An enduring feature of "science" reporting during the 1930s was atomic energy. Scientists had raised the possibility from the time of the discovery of radioactive decay among the natural elements in 1902. The measurement of the masses of hydrogen and helium to unusual precision in 1922 by Francis Aston of the Cavendish Laboratory in Cambridge, England, gave perhaps the first substantial ground for hope or fear that civilization might run or destroy itself by exploiting the atom. Aston found that four atoms of hydrogen have a greater mass than one of helium; should it be possible to synthesize helium from hydrogen, Einstein's law of equivalency between mass and energy promised that something noteworthy would ensue. According to his calculations, Aston said, the hydrogen in a pint of water could yield enough energy to drive a steamship across the ocean and back; or "the transmutation might be beyond control and result in the detonation of all the water on the earth," a possibility he considered "interesting" but remote. If all went well, "there would be literally no limit to the material achievements of the human race."^[107]

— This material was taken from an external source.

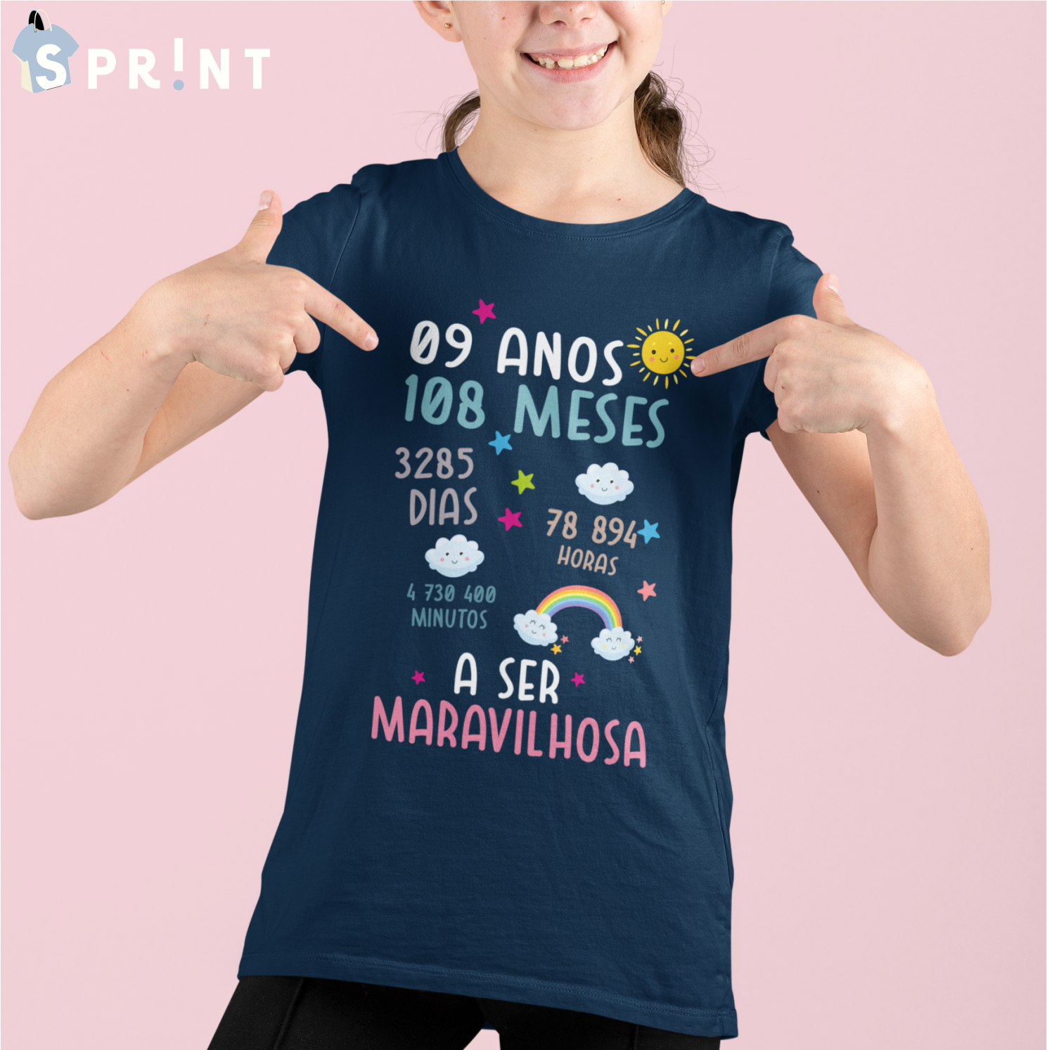 Camiseta azul escura com texto colorido e desenhos, vestida por criança sobre fundo rosa

Most reputable physicists, Max Planck for example, wrote of the need, desirability, and eventual practicality of "the liberation

of atomic energy."^[108] Scientists who thought practical atomic energy farfetched or impossible found it awkward to protest, since they would open themselves to the difficult duty of proving an impossibility. Millikan was one of the few physicists who then talked regularly with the Creator and could know the impossibility of the release of useful or destructive atomic energy. One of the favorite arguments of those who favored a moratorium in physical research turned on the likelihood that unsupervised physicists might discover a way and unprepared society might blow itself to bits. No chance, said Millikan. His observations of cosmic rays, which showed that the sort of synthesis Aston contemplated could not occur on earth, and his calculations about radioactive decay, which showed that atomic disintegration could not power a popcorn machine, demonstrated sufficiently that God had made the universe proof against destruction by inquisitive physicists. "There is not even a remote likelihood that man can ever tap this source of energy at all."^[109]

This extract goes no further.